Un soir, je travaille avec des stagiaires (Sylvain et Florian) sur ce qui donnera l’installation nymphéa : un grand cocon en papier de soie pour le festival DN[A], à Grenoble.
Depuis quelque temps, je cherche à réduire mon empreinte carbone. Pour cette grande Nymphe, j’utilise des joncs de tente récupérés et du papier de soie. À travers ce recyclage je me questionne sur la manière dont le design des objets de l’industrie sportive conditionne nos imaginaires notamment dans le milieu naturel.
À partir de quel degré de détournement des joncs de tente Quechua mes objets- dispositifs opèreront comme une référence à la marque, à l’usage, à la fonction ? En quoi cela nous empêche-t-il d’accéder à une poésie de l’imaginaire ?

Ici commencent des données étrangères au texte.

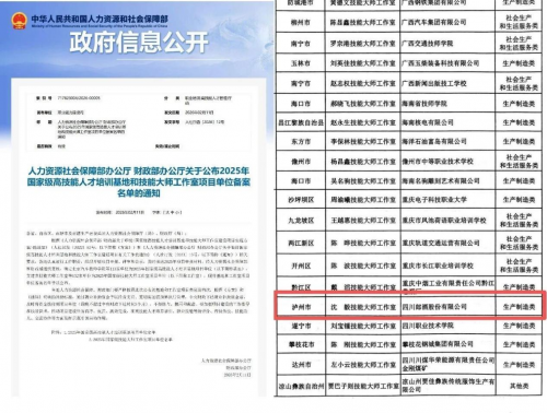 近日,人力资源社会保障部办公厅、财政部办公厅联合发布《关于公布 2025 年国家级高技能人才培训基地和技能大师工作室项目单位备案名单的通知》,郎酒股份沈毅技能大师工作室成功入选国家级技能大师工作室,这是郎酒在技能人才培养与技艺传承领域的又一重要突破,也标志着其品质建设体系再度获得行业高度认可。

Depuis mon enfance, collé aux tableaux de mon arrière-grand-père, je développe un regard concret, sur la peinture, les formes, les matières, ce regard fut renforcé avec la découverte de l’électroacoustique.
J’élabore des éléments à partir de formes qui sont saillantes (persistantes) dans nos usages, en effectuant un pas de côté pour proposer de l’ailleurs.
Ce n’est pas une volonté, c’est un fait non fait, j’ai dû naitre dans l’ailleurs.
François Jullien m’a apaisé par sa pensée de l’écart et par cette invitation simple à « mettre de l’ailleurs dans l’ici ».
Revenons à l’atelier, nous collons des panneaux de papier de soie cousue sur ces joncs cerclés.
En séchant mes grandes formes ovales vrillent, se torsadent et les courants d’air la font légèrement vibrer…
Une année passe, je rends enfin un hommage à mon arrière-grand-père et prépare une grande installation où seront exposées ses œuvres, à Sallanches. Je découvre des tableaux avec des taches jaunes caractéristiques de sa fin de vie lorsque, atteint de cataracte, il venait apposer du jaune ici et là…
Petit on me disait toujours qu’il ne fallait jamais mettre de jaune dans le ciel.
Le jaune c’est l’avertissement avant l’interdiction.
Seuls 5% d’homme aime le jaune.
Je trouve cela curieux.
Je couvre d’un jaune impérial ces joncs de tente qui deviennent ainsi des surfaces ovales. Je les vrille volontairement et les marque d’une plissure au cœur qui forme des lèvres. Ces « choses » non identifiées seront mes nénuphars : des Objets d’Imaginaires Déployés.
À la recherche des points de vue du peintre, et puis dans toutes sortes de paysage, je voyage avec mes nénuphars. Très vite des enfants, des passants nomment ce dispositif « chips ». Cela m’amuse, j’ai des premiers retours sur le poids sémiotique de ces éléments. Ils évoquent beaucoup de choses, mais ne représentent rien, ne servent à priori à rien. Ce travail est donc essentiel, sous des aspects fonctionnels, ces dispositifs intriguent et entrainent la rencontre voire l’expérimentation sous forme de jeu, de mouvements.
Lors de la première installation dans le cadre d’une exposition à la Balinière à Rezé, les jeunes s’en emparent courent après les éléments qui s’envolent. Des danseuses et danseurs confrontent leurs masses aux nénuphars dont l’échelle varie à peine plus que l’échelle humaine, dans sa diversité.
Les torsions, les attractions-répulsions, les superpositions des éléments et leurs manières de contraindre le corps offrent des potentiels de performance proches du travail de Rebecca Horn avec ses extensions. Ces expérimentations s’inscrivent dans une conscience des contraintes que rencontrent les corps de notre siècle, entre projections futuristes et réalités culturelles.
Certains y verront des références aux performances de Robert Morris, aux voiles de Loïe Fuller, aux extensions de Rebecca Horn, au land art, à Christo et Jeanne Claude quand d’autres verront une référence aux chips, aux tentes Décathlon.
La réalisation de l’œuvre tient dans sa capacité à déployer-écarter les imaginaires.
Je crois qu’elle opère un changement de paradigme (pour être tendance, on pourrait dire qu’il s’agit autant de design thinking que de Ux Design) pour décaler légèrement nos perceptions et nos représentations des espaces physiques et conceptuels.
Pour éprouver la capacité de ces « Nénuphars » à engendrer de nouvelles situations plastiques, relationnelles, et donc conceptuelles, je déplace et rejoue régulièrement le déploiement du dispositif.
Toutefois, ce déploiement n’est pas un évènement, c’est une rencontre, elle nait de l’absence de rendez-vous de la spontanéité.
Dans l’espace public, en pleine nature, sans êtres humains ou au contraire au milieu d’une foule, dansées, soufflées malmenées, caressées, Nénuphars est une œuvre qui questionne à chaque itération les conditions de son existence et de son avènement.